Given material:
_ _ _

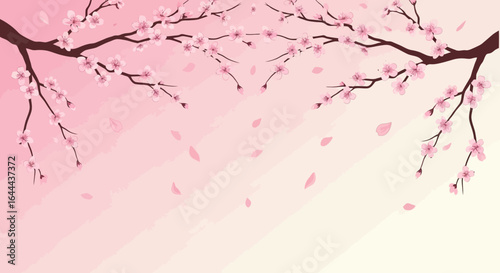 Sakura blossoms background with falling petals creating a serene atmosphere filled with gentle beauty and spring season
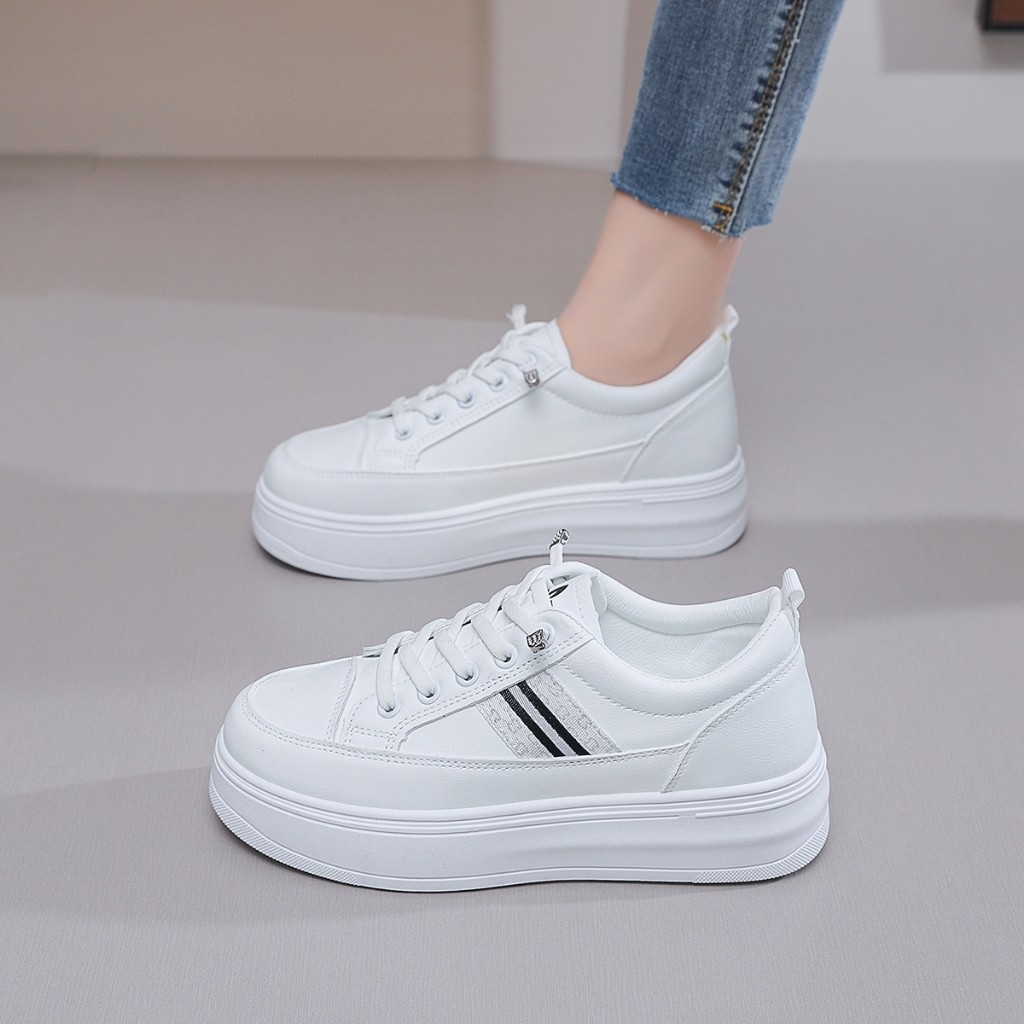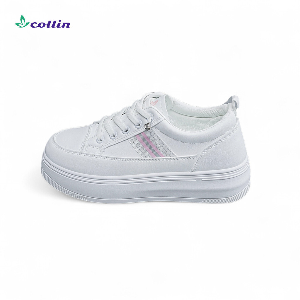 COLLIN Sepatu Sneakers Putih Wedges Wanita Dewasa Kets Cewek Kulit PU Leather Tali Mati COL2335
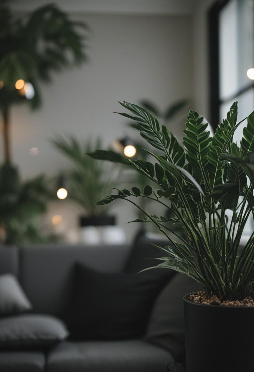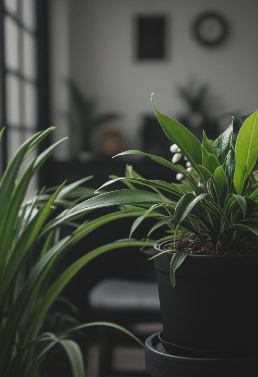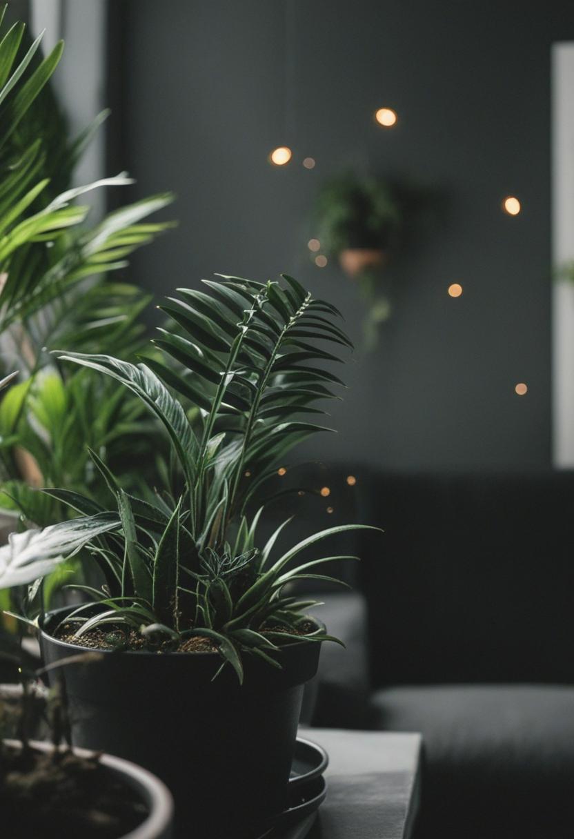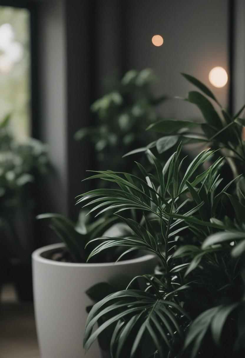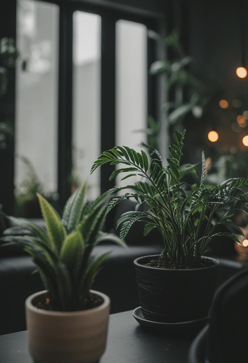6. Dark, moody plants with deep greens and rich browns, surrounded by shadows and minimalist decor, exuding a mysterious and edgy vibe. Perfect for a gothic or moody interior style.

_ _ _

Work order:
Every line above should be copied exactly; do not carry over the pictures.

Result of the task:
 Sakura blossoms background with falling petals creating a serene atmosphere filled with gentle beauty and spring season
 COLLIN Sepatu Sneakers Putih Wedges Wanita Dewasa Kets Cewek Kulit PU Leather Tali Mati COL2335
6. Dark, moody plants with deep greens and rich browns, surrounded by shadows and minimalist decor, exuding a mysterious and edgy vibe. Perfect for a gothic or moody interior style.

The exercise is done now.